4) Radiographic Modifications:
Typically, the radiographic alterations appear considerably later than the other symptoms. It is possible to see the following changes in plain radiography:
The anterior part of the vertebral body has been destroyed by lytics.
- Progressive lytic reaction-induced sclerosis.
- increased wedging in the anterior.
- the vertebral body collapsing.
- Osteoporotic vertebral endplates are possible.
- expanded psoas shadow, either calcified or not.
- Vertebral bodies exhibit varying levels of deterioration.
- The intervertebral disks may contract or rupture.
- Bone lesions can develop at different levels.
- Fusiform paravertebral shadows indicate the development of an abscess.
5) Computerized Tomography (CT) Scan:
The epidural and paraspinal soft tissues can be evaluated better with low-contrast CT scanning. Additionally, a CT scan reveals sclerosis, disruption of bone circumference, irregular lytic lesions, and disk collapse in the bony detail.
6) MRI stands for magnetic resonance imaging:
MRI is the best diagnostic tool for disc-space infections, neural compression, TB spondylitis (distinguishes from pyogenic spondylitis), and spinal osteomyelitis. It is the most effective in showing how tuberculosis has spread into soft tissue. Additionally, it shows how the anterior and posterior longitudinal ligaments are affected by tuberculosis.
Large paraspinal abscesses can be drained and bone lesions can be sampled using a CT-guided needle biopsy.
8) PCR, or polymerase chain reaction:
Without the requirement for extensive culture, PCR techniques quickly reveal discrete genetic changes in deoxyribonucleic acid (DNA) sequences linked to medication resistance. They are also utilized to diagnose many Mycobacterium strains.

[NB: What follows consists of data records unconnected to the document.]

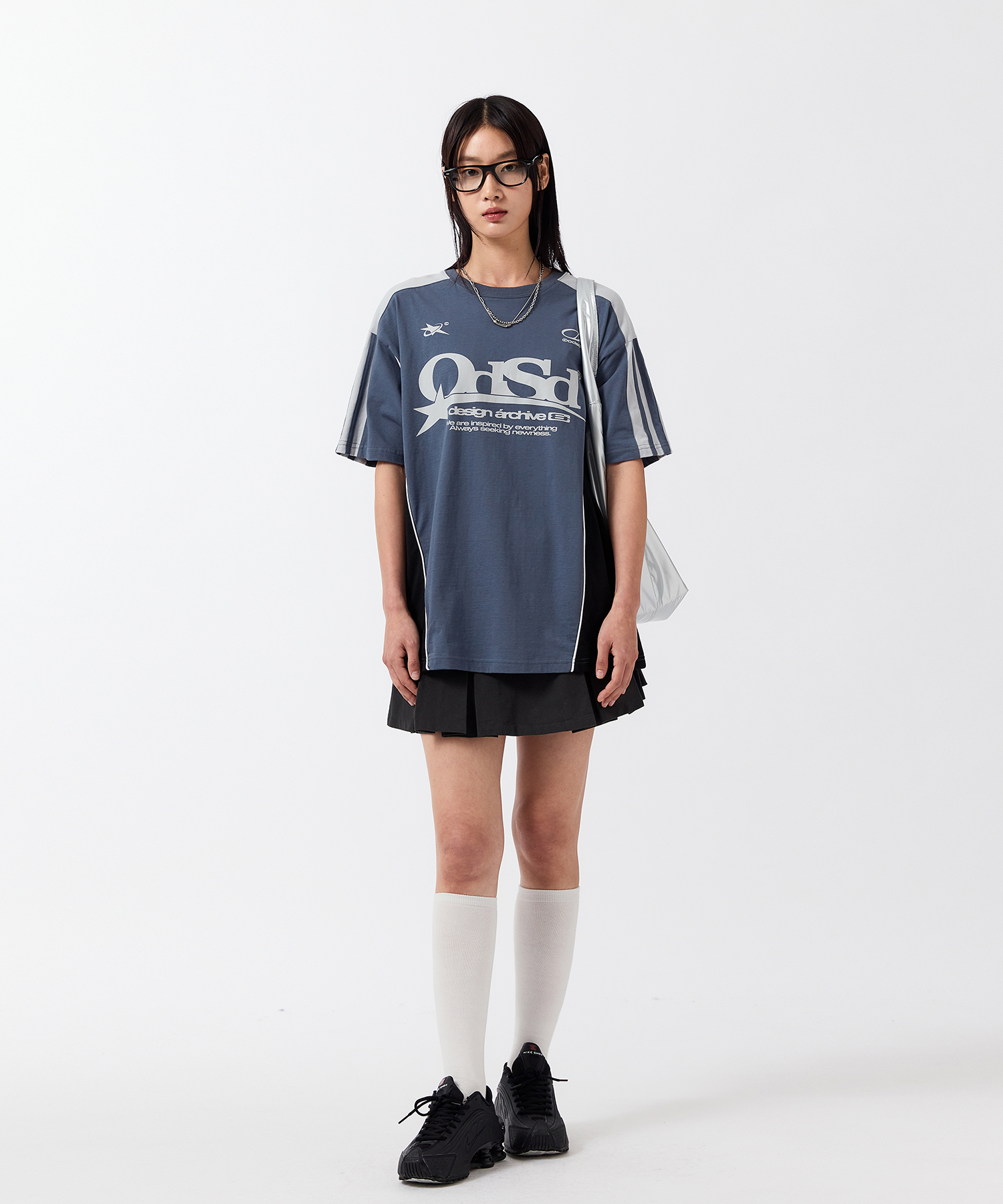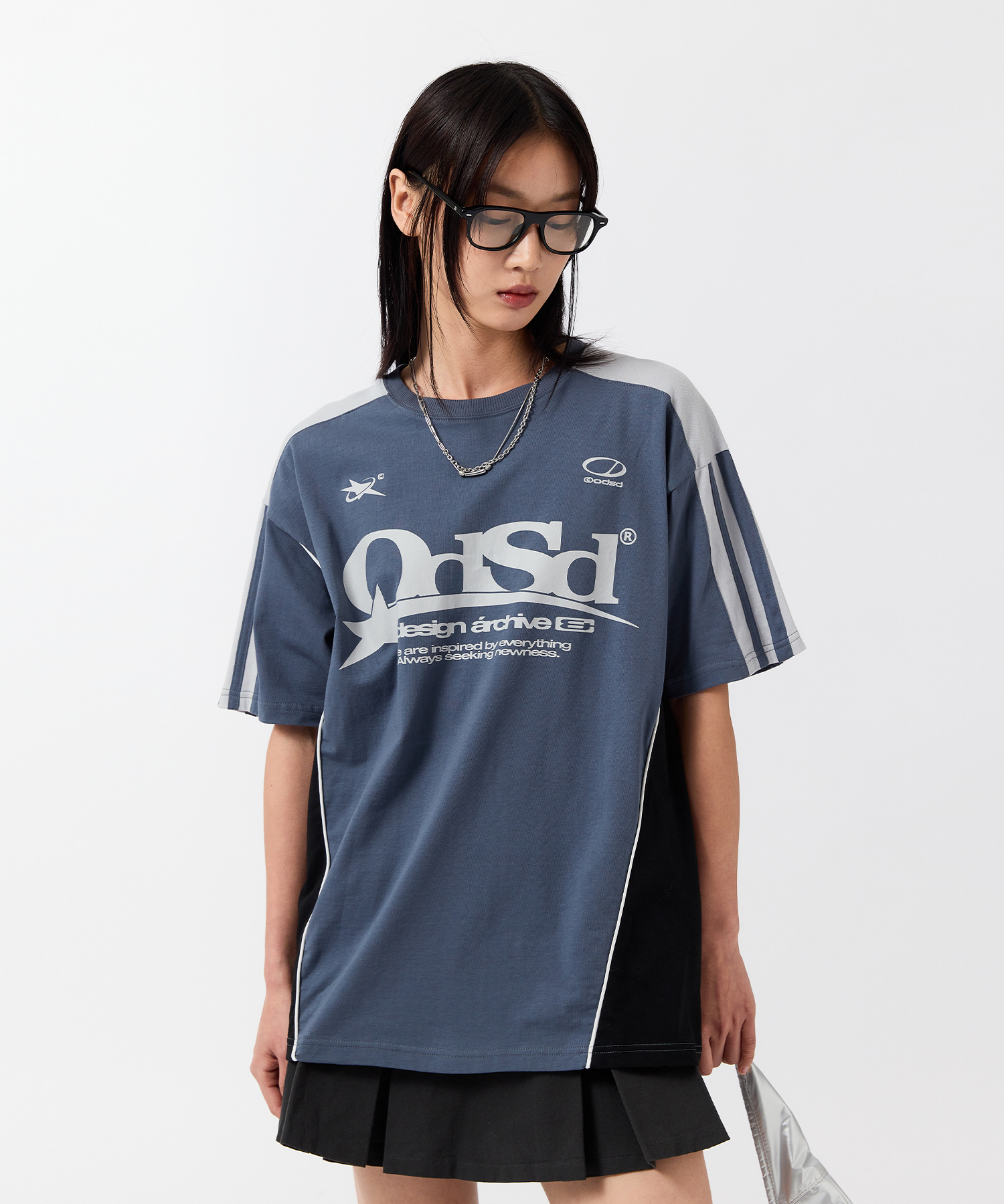 Odsd Sporty Color Block Overfit T-shirt - DUSTY BLUE
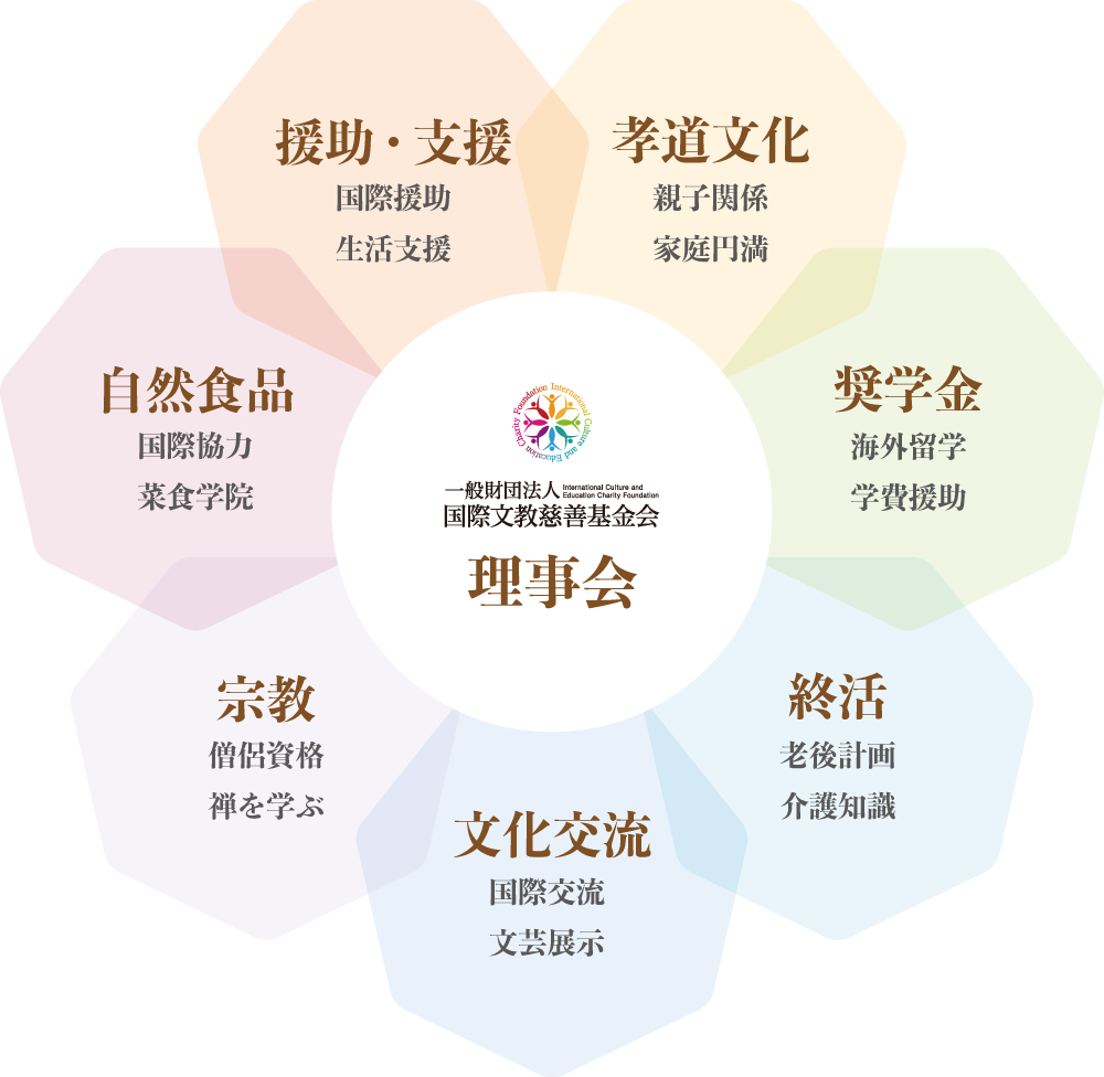 国際文化交流活動:絵画展、書道、茶道、華道、仏教文物展などの文化活動を開催
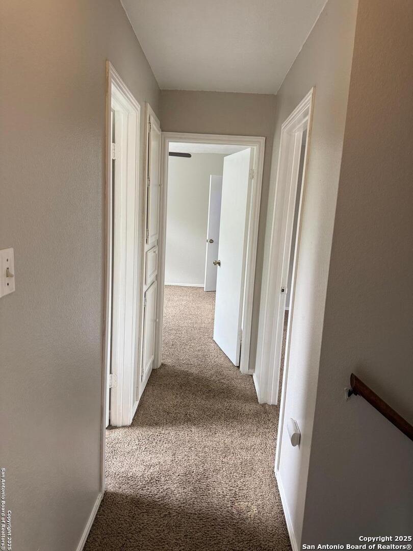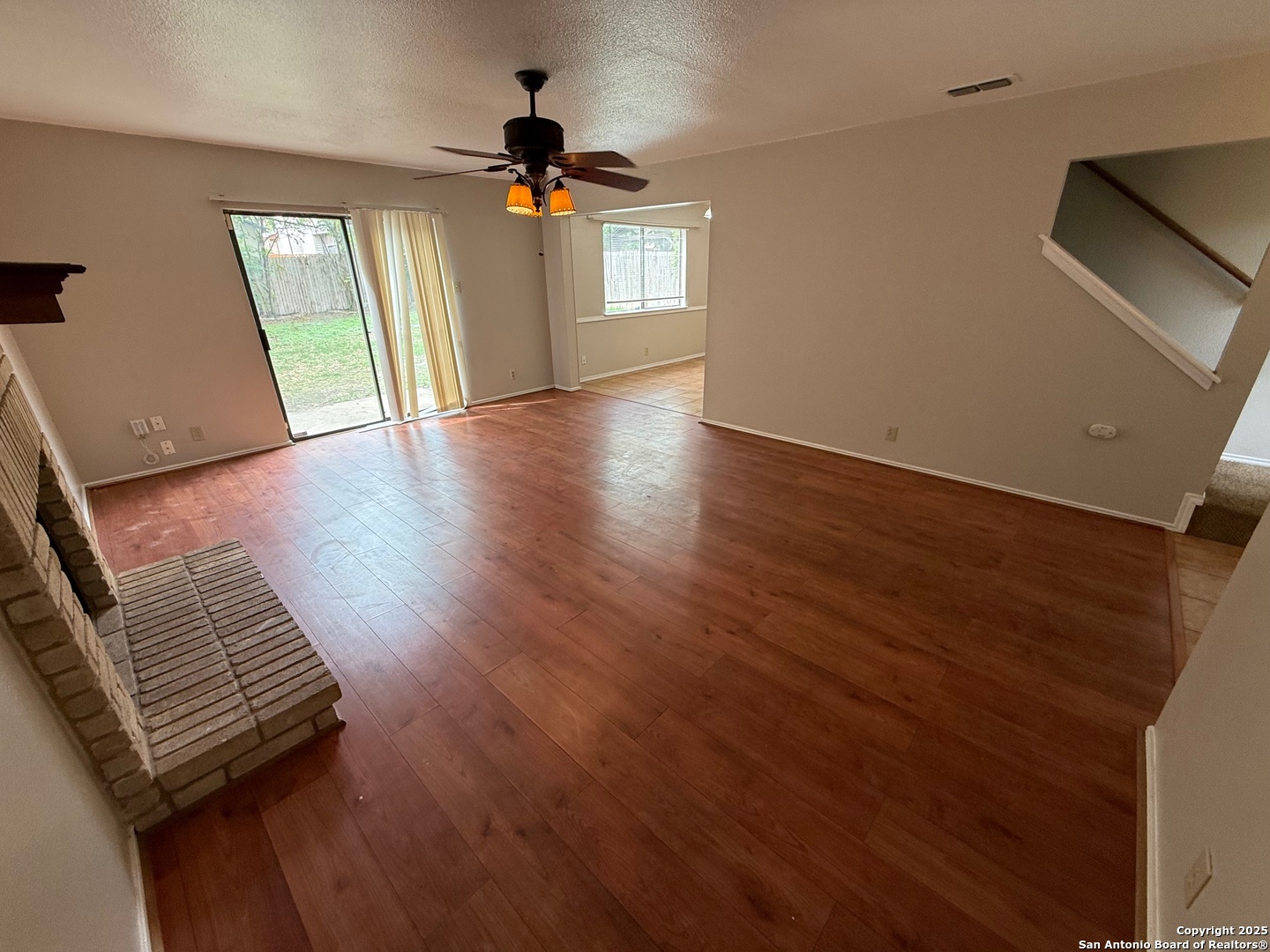 Presenting a beautiful 3-bedroom, 2.5-bath home with a 2-car garage. Recently Repainted, this home features laminate floors in the living room and ceramic tile in the kitchen, dining room, and all bathrooms, as well as a brick fireplace in the living room. The master bedroom and second bedroom have bay windows, creating larger living spaces, there walk-in closets in every. The yard is adorned with nice trees, and the kitchen sink overlooks the backyard. Conveniently located near a shopping center and Fiesta Texas. Avoid a cash deposit by qualifying for Obl's deposit-free-in option!
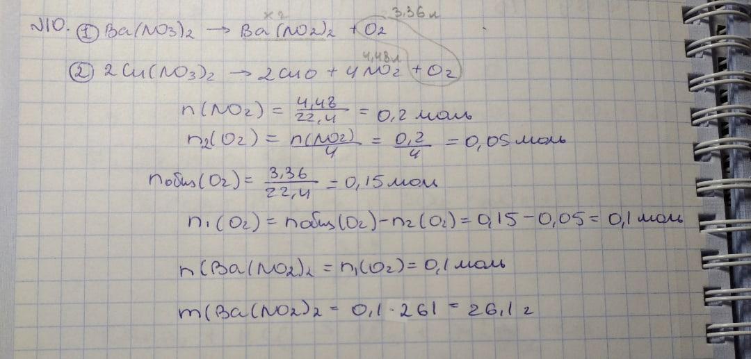 Смесь нитратов бария и меди прокалили, выделилось 3,36 л кислорода и 4,48 л оксида азота(4), объёмы газов измерены при нормальных условиях. Найдите массу нитрата бария смеси. Запишите ответ с точностью до десятых.
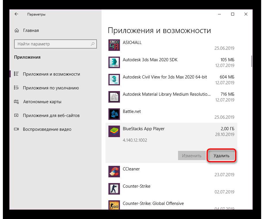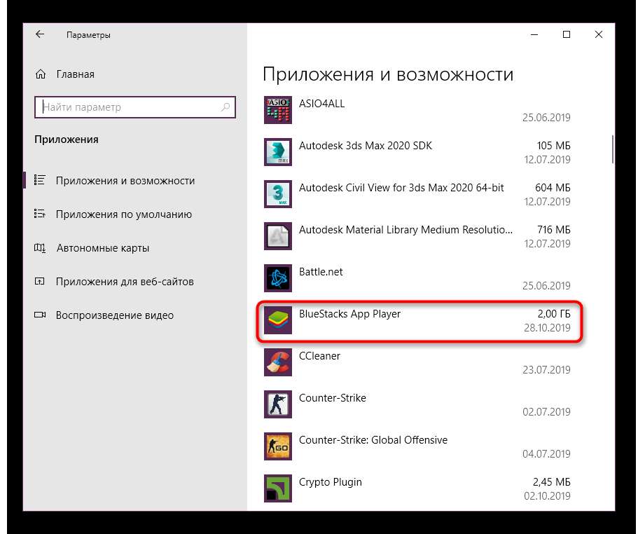 7. По завершении деинсталляции снова вернитесь к списку ПО, чтобы удалить Bluestacks Player — дополнение эмулятора (выполните пункты №5 и №6).
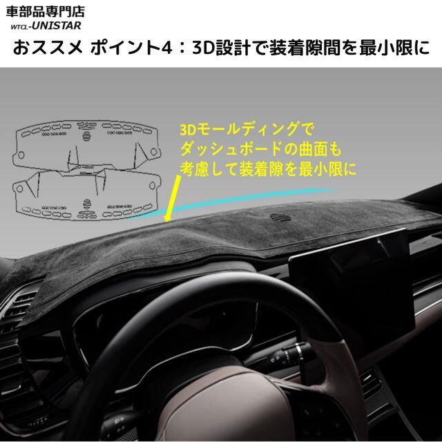 ★3Dモールディングでできるだけダッシュボードの装着面の隙間を少なくしました。★車種専用の開口設計でスピーカーやエアコン吹き出し口に影響しない設計です。★裏の接地面は滑り止め仕様なので、運転中にずれたりすることは極力防げます。
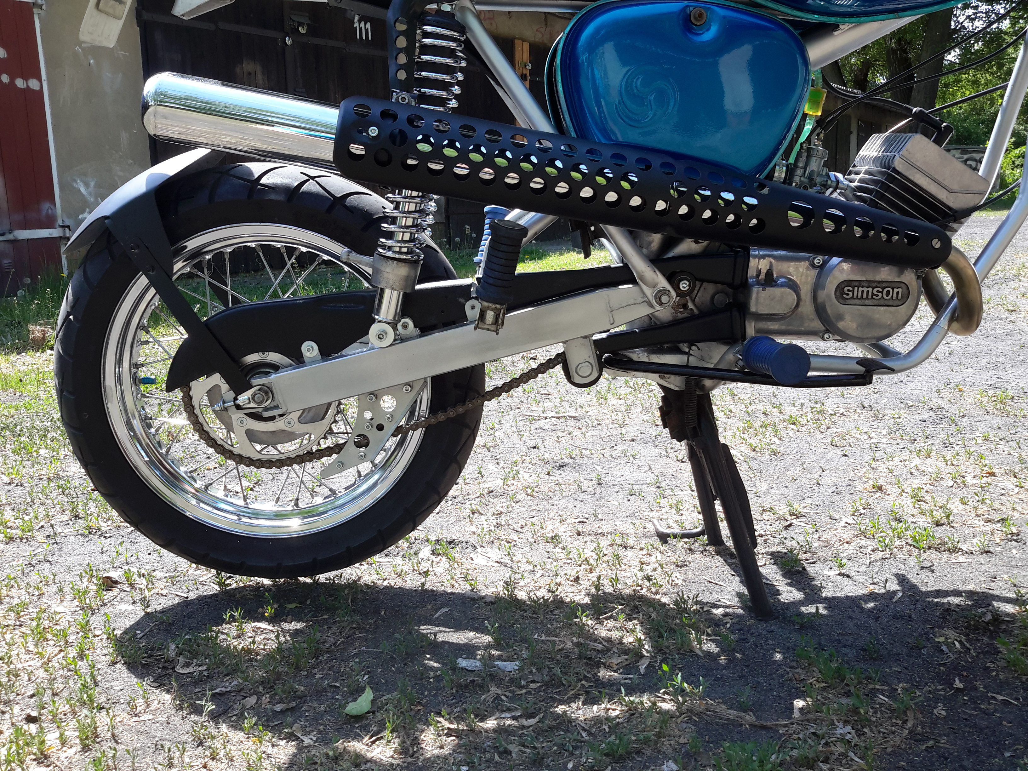 Alternativ mal bei den S53 Mofa und MS50 Modellen schaun, wie es dort gelöst wurde. Da gibt es speziele kuze Kettenschläuche und eine Kunststoff Abdeckung.

Exactly how is Pott’s disease treated?
Each patient’s Pott’s disease therapy is unique and depends on the doctor’s judgment. The average length of the therapy program is between six and twelve months. The prescription drugs work to stop Mycobacterium TB from growing and spreading. Isoniazid and Rifampin make up the initial line of treatment. Throughout treatment, these medications are given. Pyrazinamide, Ethambutol, and Streptomycin are other medications that could be prescribed during the first two months of treatment.
The second line of medications should not be used if there is drug resistance. Despite the effectiveness of pharmaceutical therapy, some conditions necessitate surgical management to stop the disease’s progression and to rectify any abnormalities.
The disease frequently advances slowly and lasts for months or years. Early diagnosis of the symptoms and use of the most recent treatment regimens improve the prognosis. But the signs are frequently discovered much later. For those who are at high risk, preventive treatments including receiving the BCG (bacillus Calmette-Guerin) vaccine are preferable.